"""

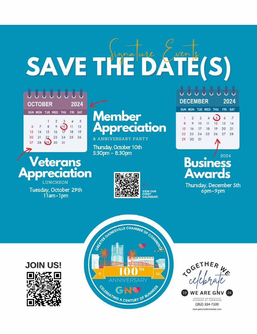 As a member of the Greater Gainesville Chamber, you will be among a group of more than 1,300 companies that enjoy enhanced opportunities for visibility, education, networking and credibility. Join us for the 100 Members in 100 Days Challenge! Call the Chamber at (352) 334-7100 and let the amazing staff know you want to join today!
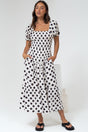 Classic yet playful, the Hush Midi Dress is a timeless wardrobe staple with a modern twist. Featuring bold chocolate polka dots on a crisp white base, this dress radiates effortless charm and vintage-inspired elegance.
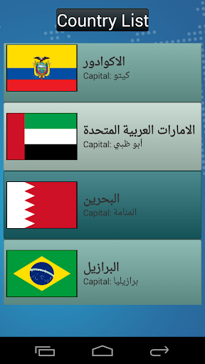 * قائمة البلدان: قائمة بأسماء جميع الدول وعواصمها. تصل إلى مقالة ويكيبيديا عن كل بلد.
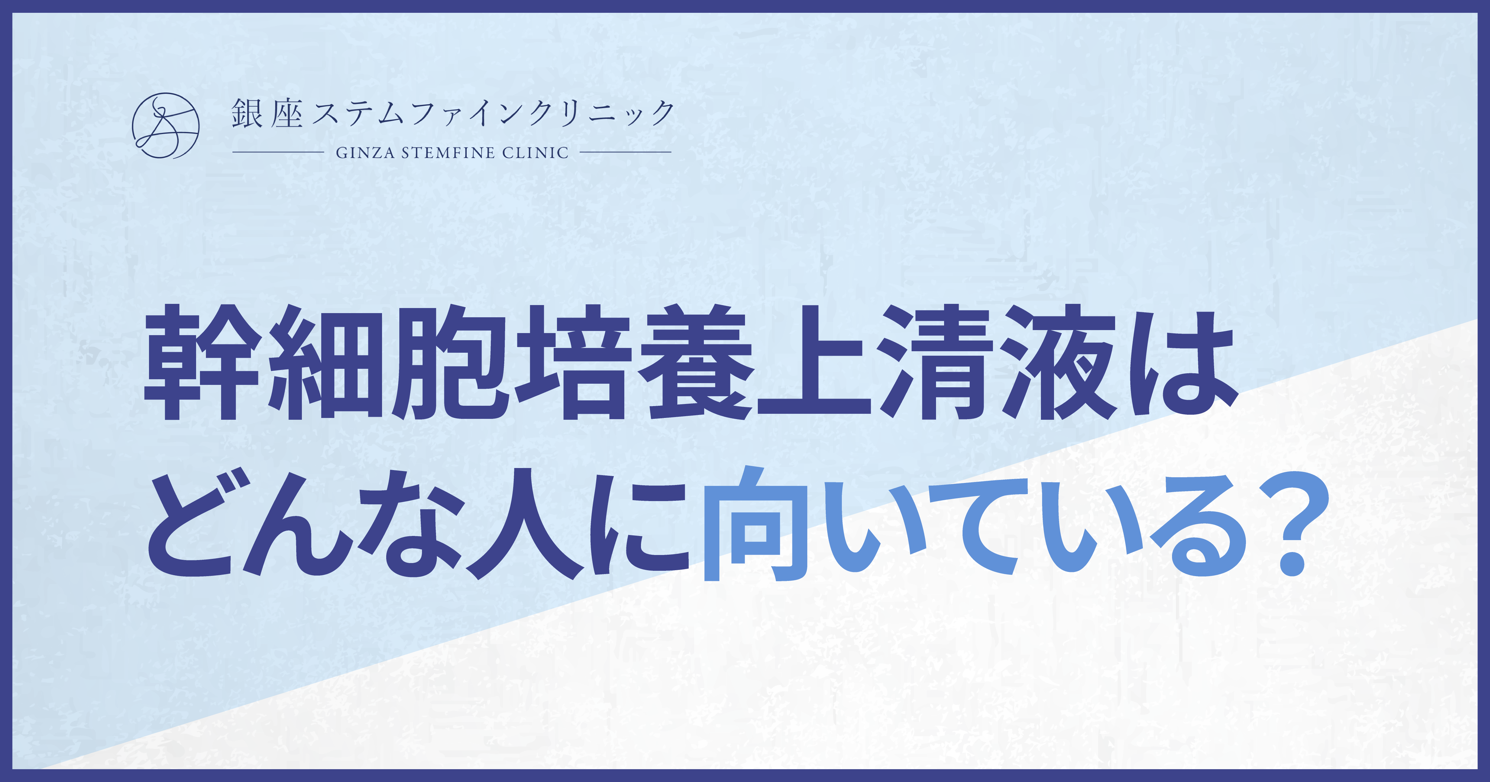 また、幹細胞治療では細胞を採取する工程が必要になることが多いのに対し、幹細胞培養上清液ではそのような処置が不要な場合が多く、取り入れやすい治療とされています。

"""

▶ [Problem description]: Could you give the listing again exactly, minus its pictures?

▶ [Exercise solution]:
 As a member of the Greater Gainesville Chamber, you will be among a group of more than 1,300 companies that enjoy enhanced opportunities for visibility, education, networking and credibility. Join us for the 100 Members in 100 Days Challenge! Call the Chamber at (352) 334-7100 and let the amazing staff know you want to join today!
 Classic yet playful, the Hush Midi Dress is a timeless wardrobe staple with a modern twist. Featuring bold chocolate polka dots on a crisp white base, this dress radiates effortless charm and vintage-inspired elegance.
 * قائمة البلدان: قائمة بأسماء جميع الدول وعواصمها. تصل إلى مقالة ويكيبيديا عن كل بلد.
 また、幹細胞治療では細胞を採取する工程が必要になることが多いのに対し、幹細胞培養上清液ではそのような処置が不要な場合が多く、取り入れやすい治療とされています。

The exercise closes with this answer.